You've got Jane DICKERSON, your personal financial advisor, your host for this evening and goodness for so many evenings prior and hopefully so many evenings in the future as well.
More than money has grown into the most relevant financial show on television today.
We say that boldly.
We say that with great confidence and sounds like, he must have an ego there.
It's got nothing to do with me.
Well, maybe a little has a lot to do with Megan because she brings the most important part to the table.
Has a little bit to do with me, but it has the most to do with you.
You set the agenda, you send us your emails, you tell us what is most important to you, what topics have arisen, what things are challenging in your life, what you are losing, sleep over, what you're excited about.
And by setting those priorities, you are allowing us to be most relevant to you.
And if we're most relevant to you, I can assure you, with the thousands and thousands of folks who get to see our shows coast to coast and border to border, now that they share those questions, many folks out there be going, wow, that's my question too.
Or it's really similar or it'll raise a question in their lives that they had not thought about until you raised yours.
So in many ways, you're doing a great service, of course, to yourself.

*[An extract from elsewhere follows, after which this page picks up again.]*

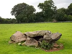 The burial chamber is a collapsed megalithic dolmen with a fallen capstone slab, roughly measuring 3.6 metres by 2.6 metres, resting on two flattened stones, both being 1.3 metres long.[1] The collapse of the structure may have been the result of the removal of a stone before 1873, as depicted by the date of when a drawing of the structure was produced.[2]

You're getting good information from someone with goodness, 780 years of experience.
So life's great mystery.
How is that possible?
But that's what I bring to the table.
And so you're serving yourself and you're assisting so many other folks who are listening in either by having a similar question or maybe inspiring them to say, hey, that that was really interesting.
I want to have my question answered as well.

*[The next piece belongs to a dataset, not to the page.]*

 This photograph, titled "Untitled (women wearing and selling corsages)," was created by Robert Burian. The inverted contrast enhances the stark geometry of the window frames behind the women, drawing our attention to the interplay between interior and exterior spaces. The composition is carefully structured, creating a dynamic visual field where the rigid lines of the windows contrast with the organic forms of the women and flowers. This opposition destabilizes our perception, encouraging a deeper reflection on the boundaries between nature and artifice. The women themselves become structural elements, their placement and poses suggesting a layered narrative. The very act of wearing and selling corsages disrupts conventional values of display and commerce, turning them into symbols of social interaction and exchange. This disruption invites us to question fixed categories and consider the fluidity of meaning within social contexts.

And lastly, we'll take last place.
You are certainly assisting us in staying in the most relevant financial show on television today because you make us so and I will I will claim that to my last day, which is hopefully not Thursday.
I'm just kidding.
Just a triple H club, happy, healthy 100.
I'll be doing this show when when we're doing it by telepathy, perhaps.
Who knows?
Technology.
It's amazing stuff.
Speaking of amazing stuff, Megan, where do we start with an amazing question this week?
Hi, Gene.
Our first question tonight says, Hi, Gene.
I enjoy your show.
Thanks for your thoughtful advice to your viewers.
I am 73, married, retired, and we get most of our income from Social Security and RMDs from my IRA.
I also have a side hustle that had a profit of just over $5,000 last year.
When filing taxes, I was able to deduct our health insurance premiums, which were more than than what I netted from the business.
My question is, can I contribute the $5,000 profit into a Roth IRA?
Thanks for your kind reply.
Well, thank you for your kind words, and I'm very happy to give your kind reply.
And you're going to like it.
Yes, you can contribute the entire $5,000 of profit from your side hustle into a Roth IRA.
It is a very, very good idea.
You're doing extremely well and at 73 you are very young and our Triple H Club, it means you've got 27 more really good years ahead and who knows how many after that.
So having money tucked away more and more, particularly at a time when you don't need it, so to speak, you've already gotten tremendous benefits on the health care side and now you have this ability to put money into an account where tax theoretically will never be taken out again.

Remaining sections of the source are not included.